The survey plan shows how the objectives will be reached by clearly describing the target population, the data requirements and the variables to be measured, as well as looking at the questions and possible answers and how the data will be processed and analyzed.
Target population
If a survey’s objective is to collect information from students, for example, then asking the question “which students?” will help to define the target population.
In the example described previously, the prom organizing committee will probably want to question only students who will be graduating this year, that is, those in the last year of high school (Grade 12). If some of the Grade 12 students are studying part-time and don’t intend to graduate this year, they need not be consulted. The target population would therefore be defined as “the full-time Grade 12 graduating students of Ridgemont High School.”
Sometimes the target population, that is, the population for which information is required, and the survey population, the population actually being covered by the survey, differ for practical reasons. Ideally, the two populations should be very similar. It is important to note that conclusions based on the survey results will apply only to the survey population.
In our example, some of the full-time Grade 12 graduating students might be away from school at the time of the survey. Since it would be too difficult to reach them, they would not be part of the survey population, although they are part of the target population.

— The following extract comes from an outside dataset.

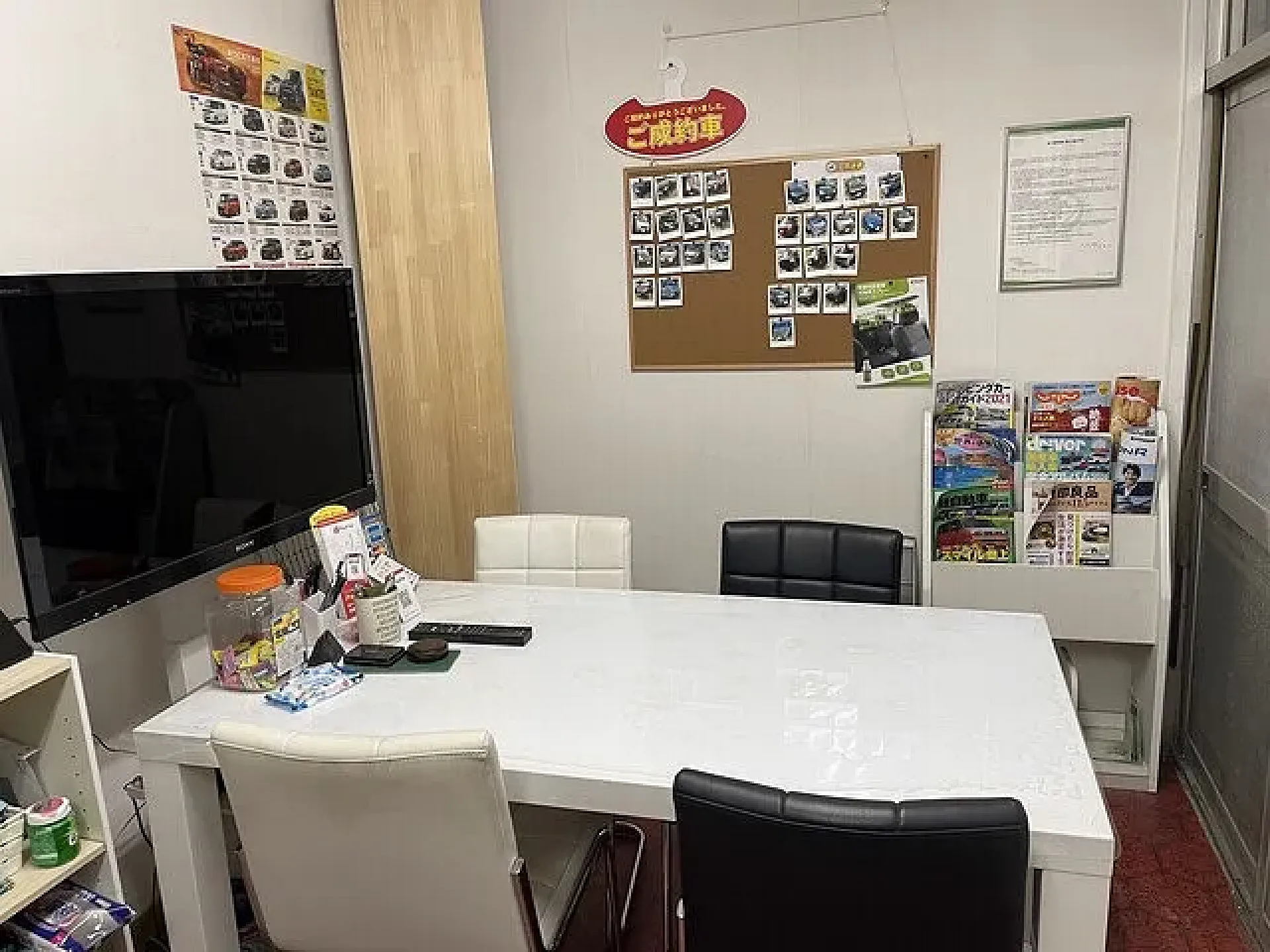当店は国に認められた認証工場。だから車検・修理に必要な最新設備が揃っているんです。また時間を気にせずご相談いただける商談スペースや、車検・修理中もゆっくりとお過ごしいただける待合スペースを完備しております。

It is also possible that some of the survey concepts and methods that are used may be considered inappropriate for certain segments of the population. For example, consider a survey of post-secondary graduates where the objective is to determine if the graduates found jobs and, if so, what types of jobs. In this case, you might exclude graduates coming from specialized schools such as military schools. These types of graduates would be reasonably assured of securing employment in their field. The target population would therefore be those who graduated from universities, colleges and trade schools.

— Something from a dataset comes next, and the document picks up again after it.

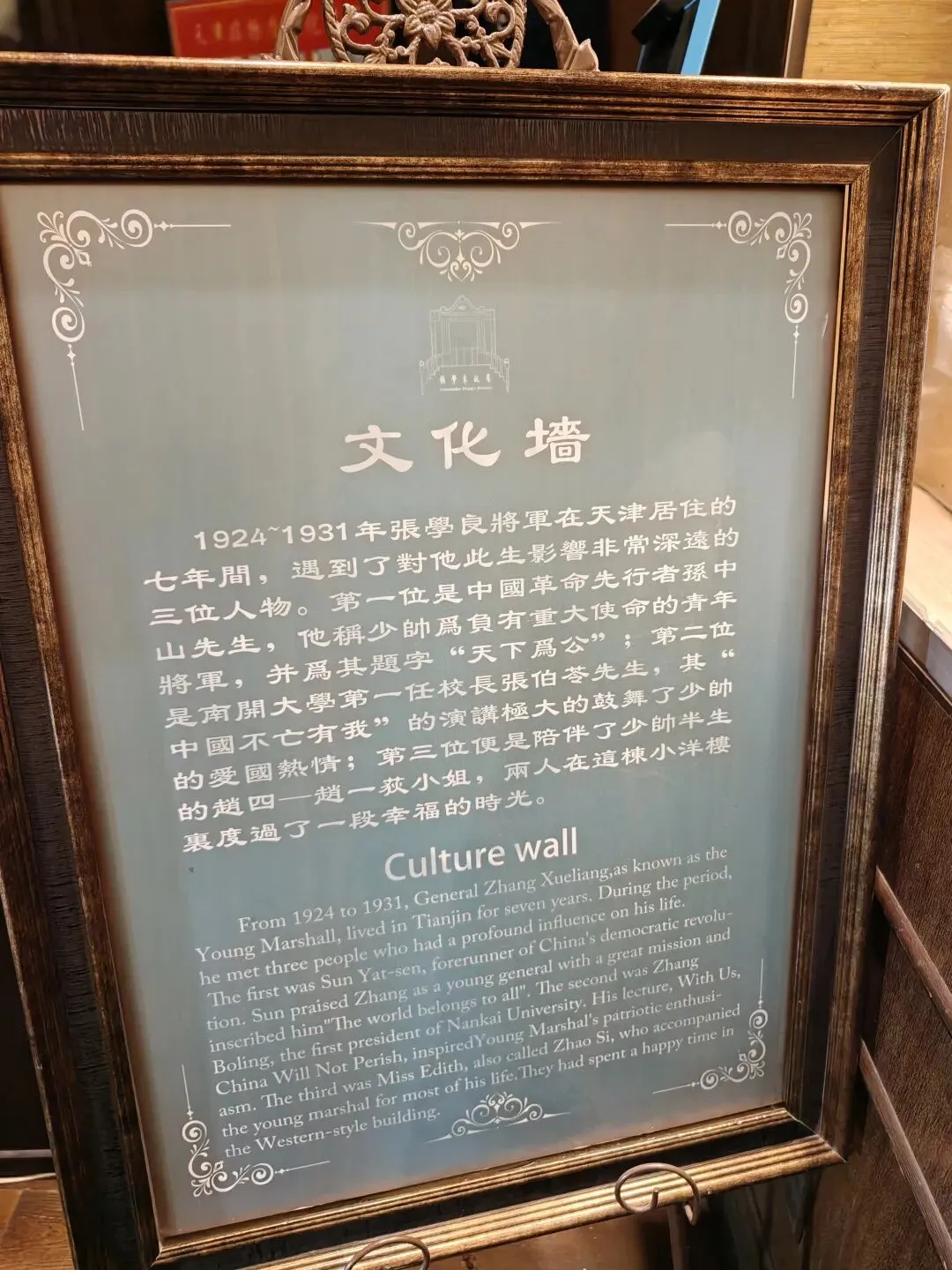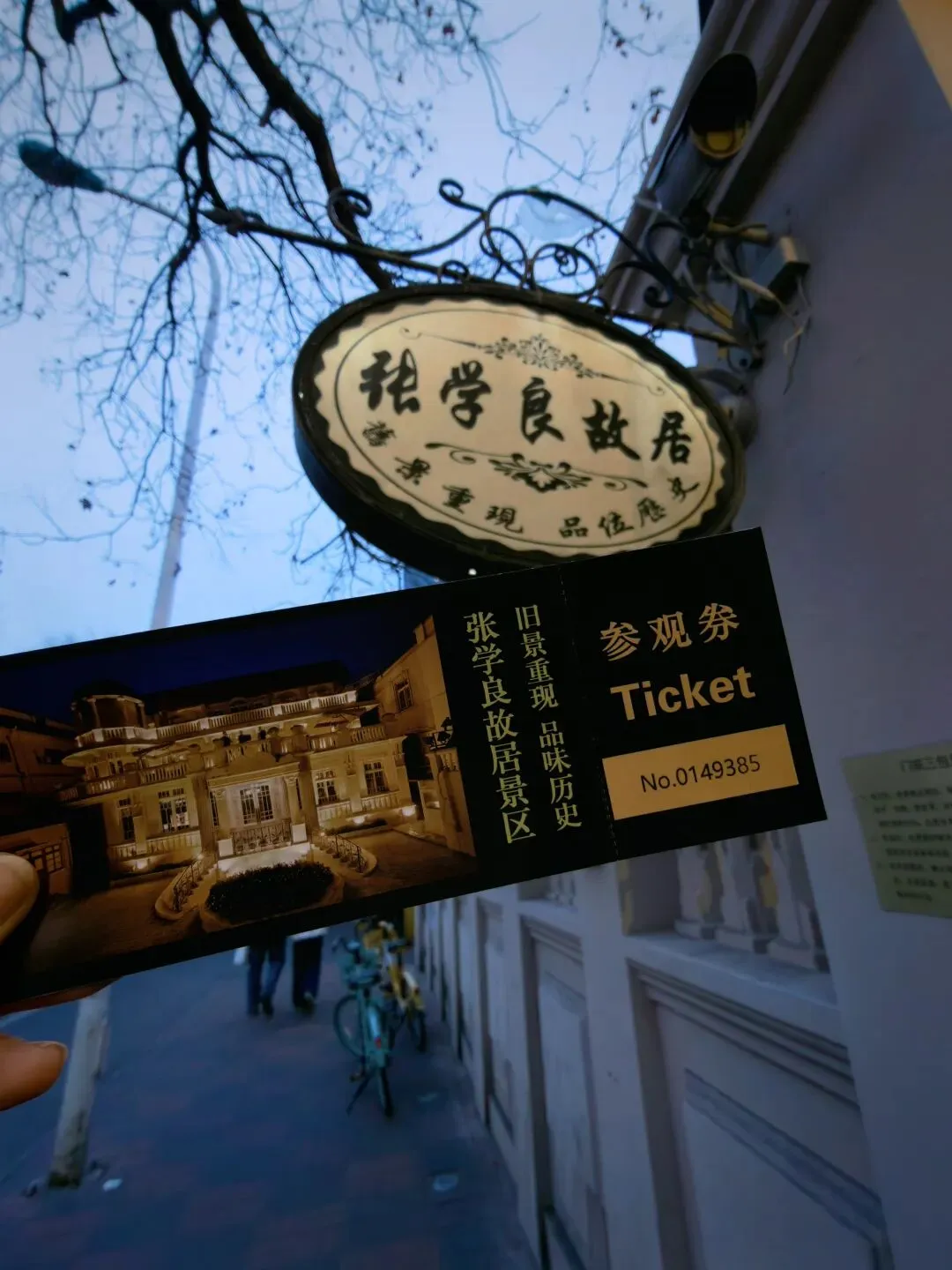 其实来天津之前已经看过不少攻略,纷纷提到二张(张学良、张爱玲)故居在门口看看就得了没必要买票参观,但是在街上逛着逛着一抬头看到这个牌子,还是没忍住好奇心。好嘛最终还是决定老老实实买票进去看看。

It may also be necessary to impose geographic limits that will exclude some members of the target population, as some regions may be too difficult or expensive to reach. For example, a business that is doing a survey using in-person interviews may wish to use a sample of the target population living in a densely populated area in order to minimize travel costs.
Data requirements
To determine what kinds of data to collect, ask, “What exactly do we want to know?” and “How will the collected information be used?”
In our example, the organizing committee might consider the following questions:
- Do we need to know the number of students who intend to go to the prom? (This number might also be established from ticket sales.)

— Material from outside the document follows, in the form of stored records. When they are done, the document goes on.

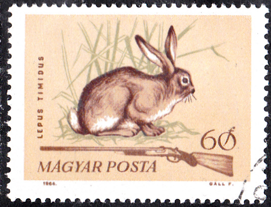Einen weiteren Schneehasen (Lepus timidus) zeigt diese Marke aus Ungarn (MiNr 2082 A).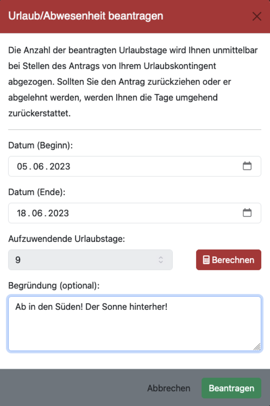 Und wenn Sie Urlaub einreichen möchten, geht das genauso einfach. Geben Sie einfach den gewünschten Zeitraum und eine (optionale) Begründung für Ihren Vorgesetzten ein. Und wenn Sie sich nicht sicher sind, wieviele Urlaubstage Sie Ihre Abwesenheit „kosten“ wird, lassen Sie es sich von TimeAndAttendance einfach schnell berechnen - ganz unkompliziert.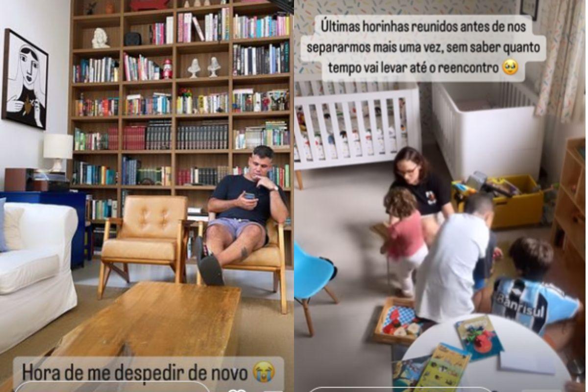 “Hora de me despedir de novo”, disse ao postar foto de Juliano sentado mexendo no celular. Em seguida, ela compartilhou um vídeo de um momento de brincadeira com as crianças, Vicente, de 12 anos, Inácio, 9, Gaspar, de 3, e Maria Madalena, de um aninho. “Últimas horinhas reunidos antes de nos separarmos mais uma vez, sem saber quanto tempo vai levar até o reencontro”, comentou Letícia em uma publicação do Instagram

- If we ask students whether they intend to go to the prom, should we ask anything in particular to those who don’t intend to go? (By understanding better their reasons for not going, it might be possible to plan certain activities that are of interest thus influencing them to change their minds!)
- When asking about student preferences concerning the prom, what aspects should we consider? Probably elements such as
- the cost of tickets,
- the music,
- the type of refreshments,
- the day of the week,
- the venue or location.
- Are there any other factors to consider? Would the students like to have a photographer available? Does everyone want to have a meal before the dance or do some students want just the dance?
- Are students interested in having security guards at the entrance of the venue? What type of transportation would students like to use to get to and from the prom? (The rental of a bus from a central location might be considered.)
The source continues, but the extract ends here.